Effects of temperature and bleeding on rheology of cement paste

Abstract

The bleeding and rheology of a cement paste affect the grouting reinforcement effect in a high-temperature stratum. However, the effect of the slurry bleeding on the rheology at high temperatures is not clear. This research examined the bleeding characteristics of slurries in a high-temperature environment and changes in the density and flow pattern during bleeding. The material was ordinary Portland cement with a strength grade of 42.5. The water-cement ratio (W/C) ranged from 0.6 to 2.0. An environment of 20 °C–90 °C was simulated in a laboratory. The bleeding process was divided into six stages according to the total bleeding rate and rheological tests were conducted at each stage. The results showed that the total bleeding rate of the slurry increased with the increase of the W/C and decreased approximately linearly with the increase of temperature.
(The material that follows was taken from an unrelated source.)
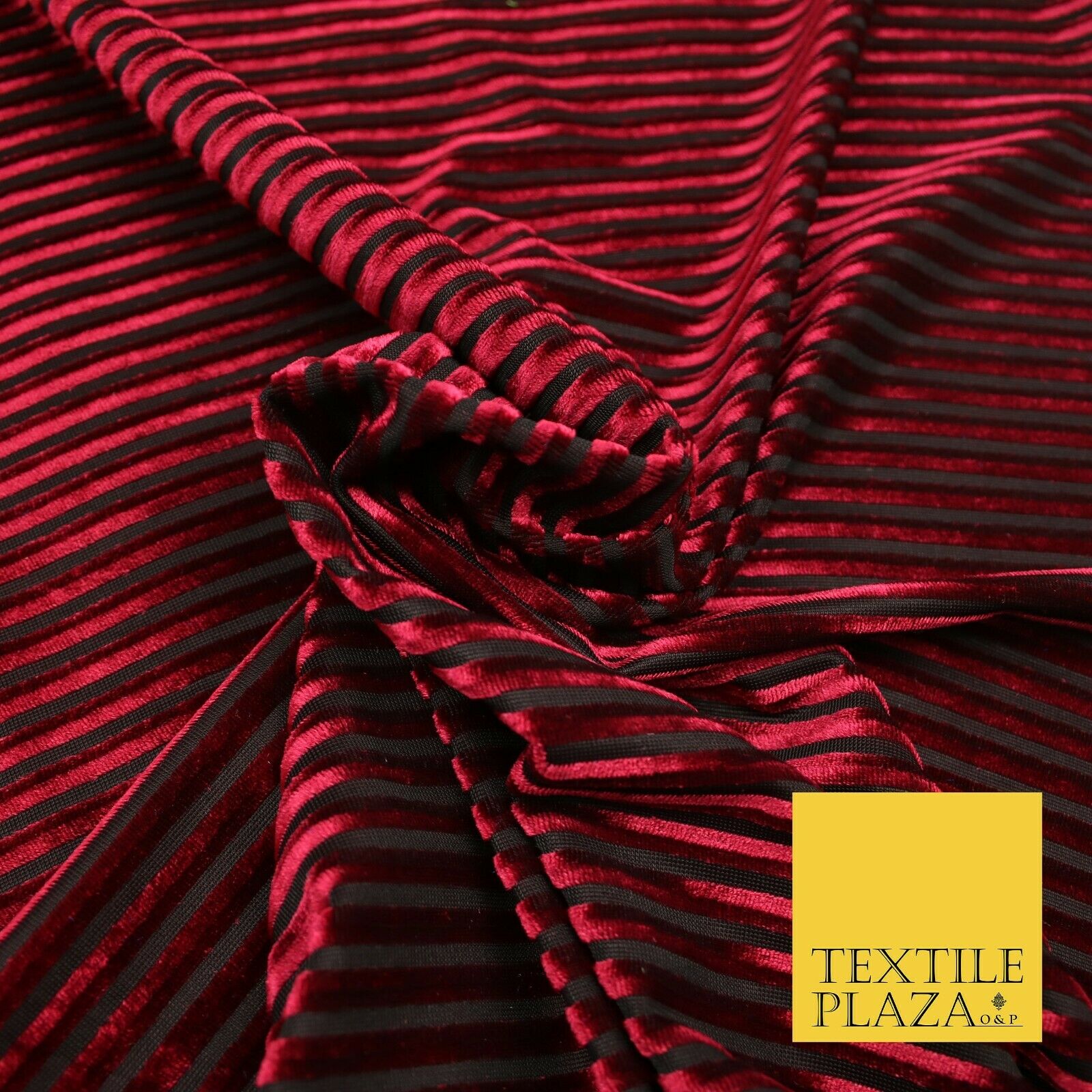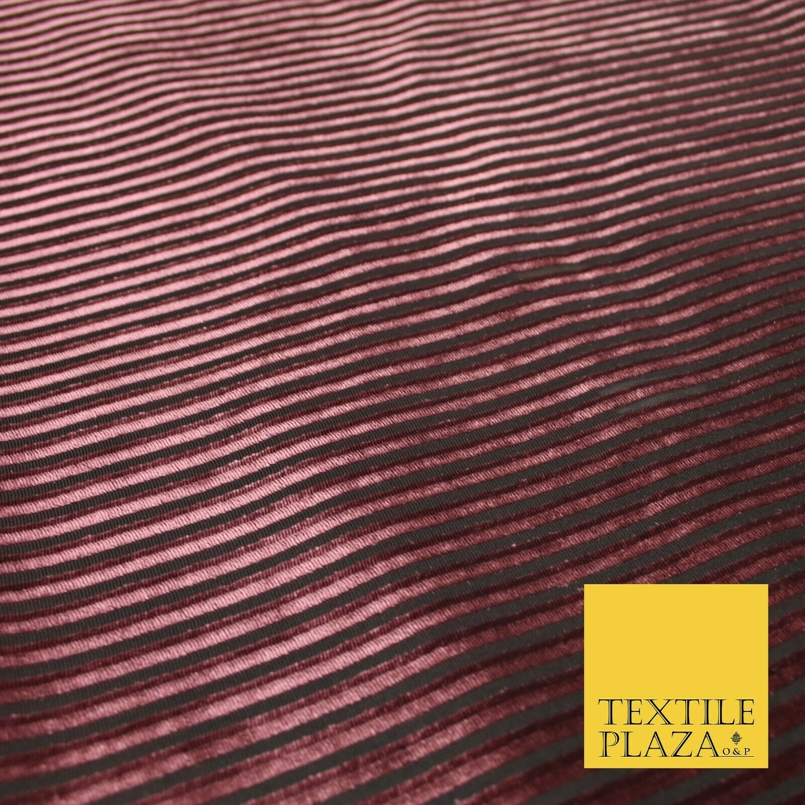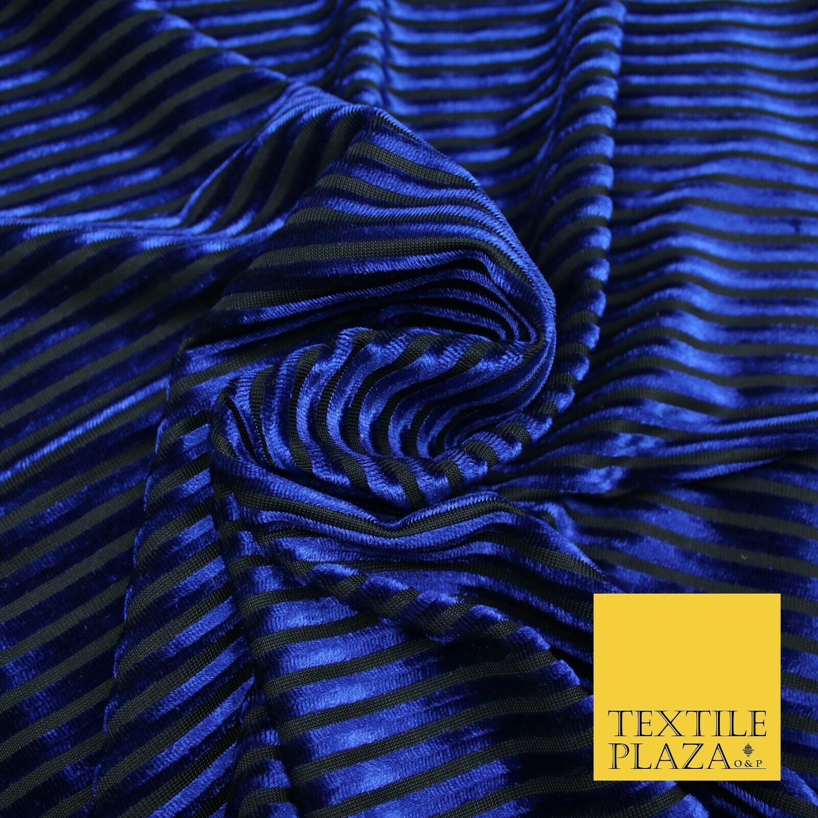 Premium Ribbed Striped Raised Velvet Velour Stretch Black Jersey Dress Fabric

The density change rate before and after bleeding decreased with the increase of temperature and increased with the increase of the W/C. The final density change rate of the cement paste at different temperatures was determined by the W/C. Newtonian and power law models were used to describe the rheological characteristics of slurries with W/Cs ranging from 1.5 to 2.0 and 0.8 to 1.2, respectively, during the bleeding period. As the bleeding rate increased, the R2 of the Newtonian model decreased from 0.98 to 0.9. A constitutive equation considering the temperature and bleeding characteristics was proposed. The relationship between the flow characteristic and consistency indexes at different bleeding stages changed from non-linear to linear with increasing temperature.